As an e-business consultant, I get to work with a lot of small and medium-sized enterprises that have just found their way to the Net. The first question that I usually get them to answer is “Why have you decided to get your company on the Web?”. While some of the entrepreneurs have done their homework and can at least spell-out their hopes and expectations, a substantial number of the business managers is finding this question too difficult to tackle.
It is a pity that they do not realize that e-business is a business like any other! While the delivery mode for products and services is different, there is still a need to plan prior to commencement of the business operations. It makes no sense to build a Website, upload it on the Web and… start looking for a suitable operational framework and a business model. First things should always come first! It is important for companies to establish credible online presence but is very difficult to accomplish it successfully if the right intentions are being justified by the wrong reasons!
I have put together a short check-list for entrepreneurs intending to establish online presence:
1. Outline main operational objectives of the proposed Website
2. Identify the issues you will need to address in order to fulfill the operational objectives you have listed above.
3. List the key benefits your Website is going to deliver both to you and your customers (Be honest with yourself! Do acknowledge the limitations if the are any.).
4. List the costs of building, and maintaining the site (Make sure you include not only the initial const of establishing the site but also the ongoing operational costs).
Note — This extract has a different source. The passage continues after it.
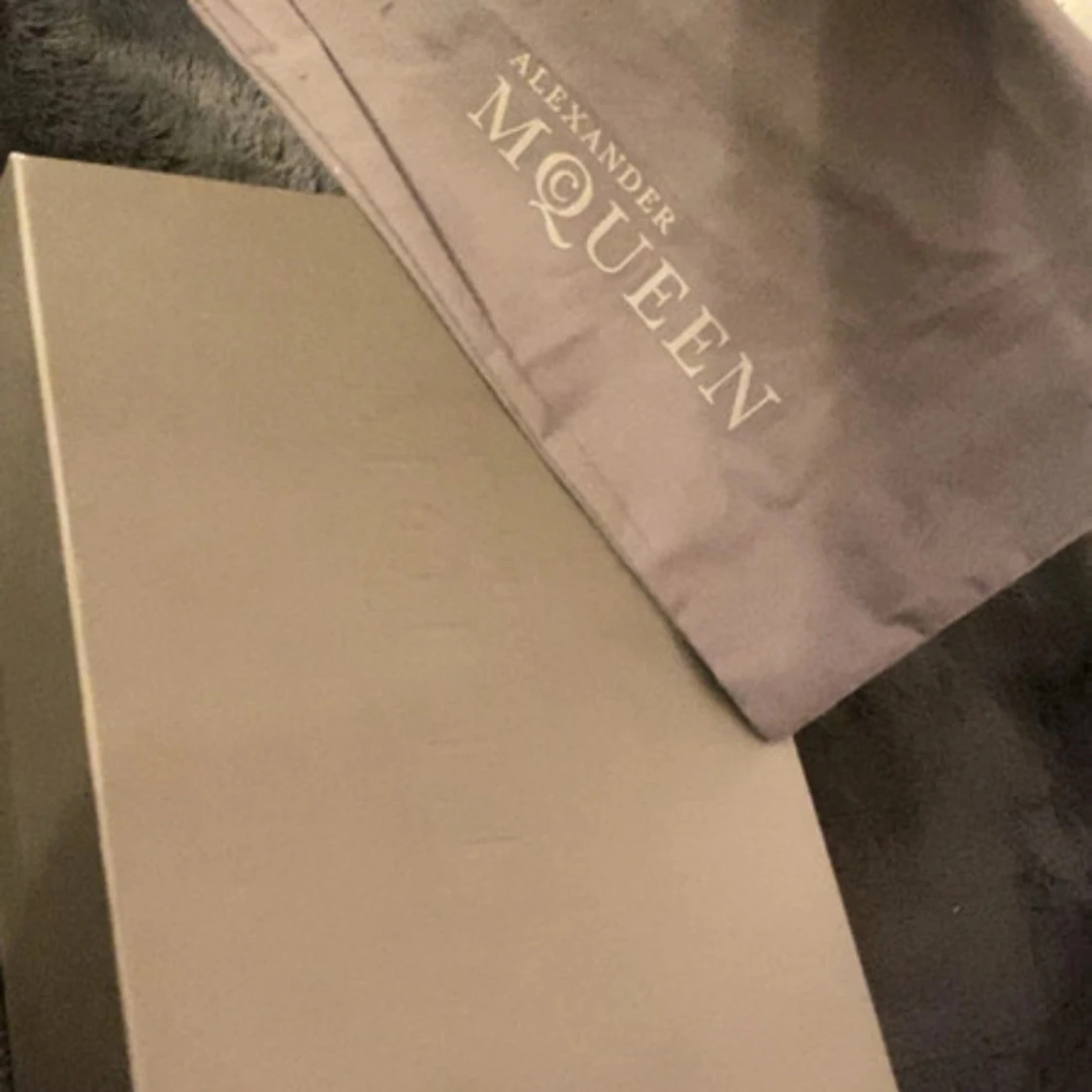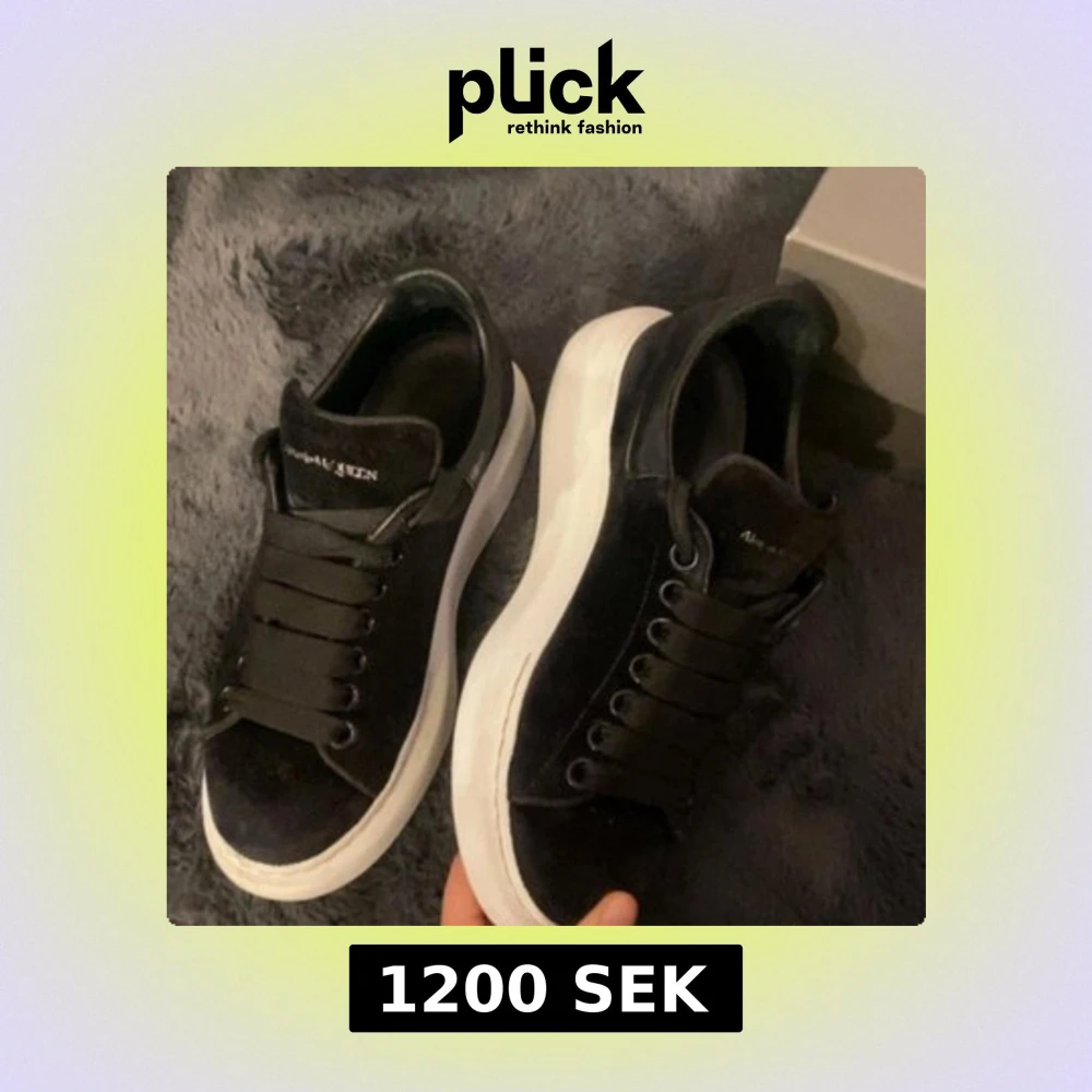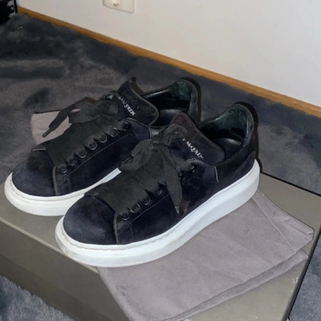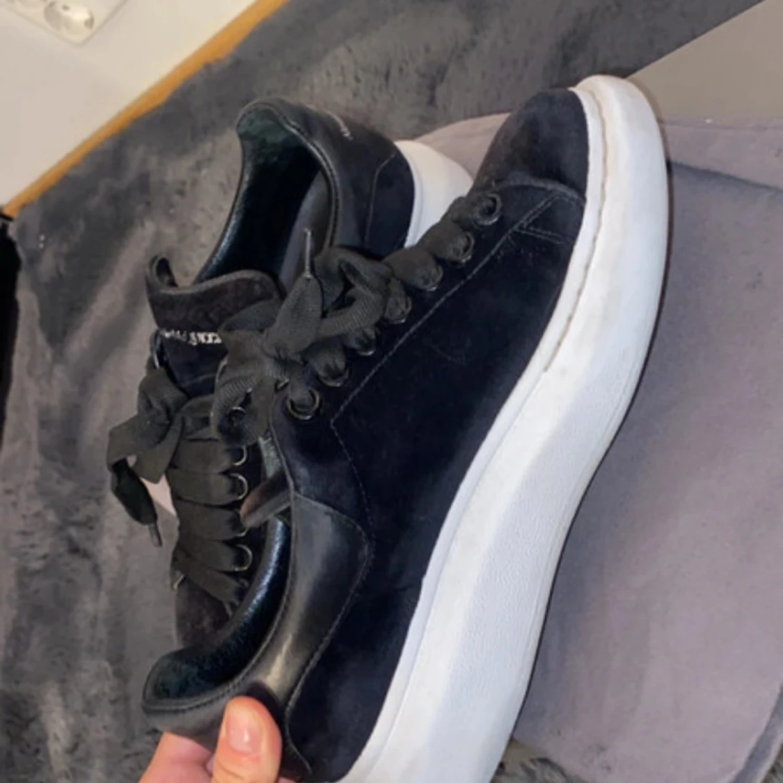 Svarta sneakers från Alexander McQueen med bred vit platt sula och klassisk snörning. Ovandelen är i mocka och skinn, med logga på plösen. Snygg chunky siluett som ger en cool vibe till outfiten.

5. Now match the expected benefits against the expected costs. Are the benefits going to provide you with good ROI (Return on Investment) on your Website?
If you have trouble completing the check-list (e.g. you are not sure how much it is going to cost you to build and maintain your site) it is best that you find out all the necessary information first. Once all the doubts are cleared and you are feeling confident that the benefits will outweigh the costs associated with the move, you can go ahead and get your business a virtual embassy!